Area Sound Enhancement


With the advent of deep learning, speech recognition technology has improved to a practical level, and the use of voice user interfaces has expanded to various scenes. Current speech recognition technology can be used stress-free in environments where only one person is speaking to a smartphone or a smart speaker. However, the speech recognition system fails and does not distinguish between a target speaker and others in an environment where multiple people are speaking simultaneously, such as automatic input of reception records at customer service counters and rows of self-service terminals equipped with voice user interfaces. OKI is researching and developing the "area sound enhancement" technology to solve these voice user interface problems.


Area sound enhancement technology picks up sounds in the target area by placing multiple microphone arrays around the target area. With a normal microphone, it is difficult to pick up the speaker's voice when surrounding noise is large. Even if a microphone with directivity, such as a gun microphone, or a microphone array is used, noise coming from the direction of the target area will be collected. This technology crosses the directivities of two microphone arrays at the target area from different positions.
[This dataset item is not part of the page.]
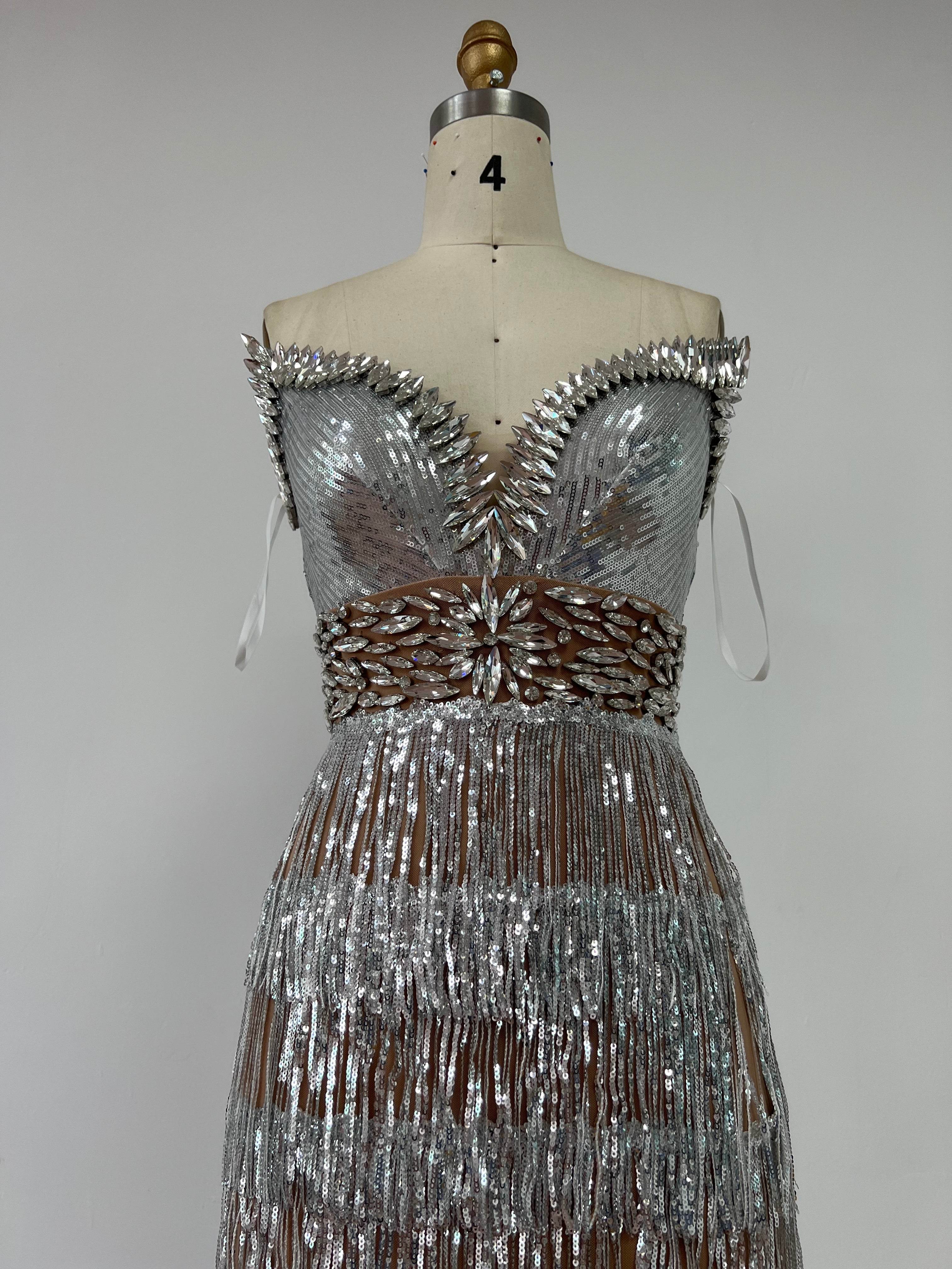 The strapless neckline has an illusion sweetheart style, thin straps that form into a lace-up back and fitted bodice. Covered in mirror work that will have all eyes on you and completed with a fun feathered skirt that will sway with every dance move you make!

The component commonly included in the directivity of each microphone array is estimated to be sound in the target area, and all other components are suppressed.

Area sound enhancement technology makes it possible for speech recognition systems to recognize only the voice of the person in the target area even if there are other speakers around the area, thus enables smooth communication at customer service counters and self-service terminals.

Illustration of Area Sound Enhancement

Illustration of Area Sound Enhancement Image

Normal Microphone

The voice of the speaker cannot be heard well due to the voices of other people and background noise.

OKI's "Area Sound Enhancement Technology"

OKI's "Area Sound Enhancement Technology" Image
The voice of the speaker can be heard clearly even if there are surrounding noises.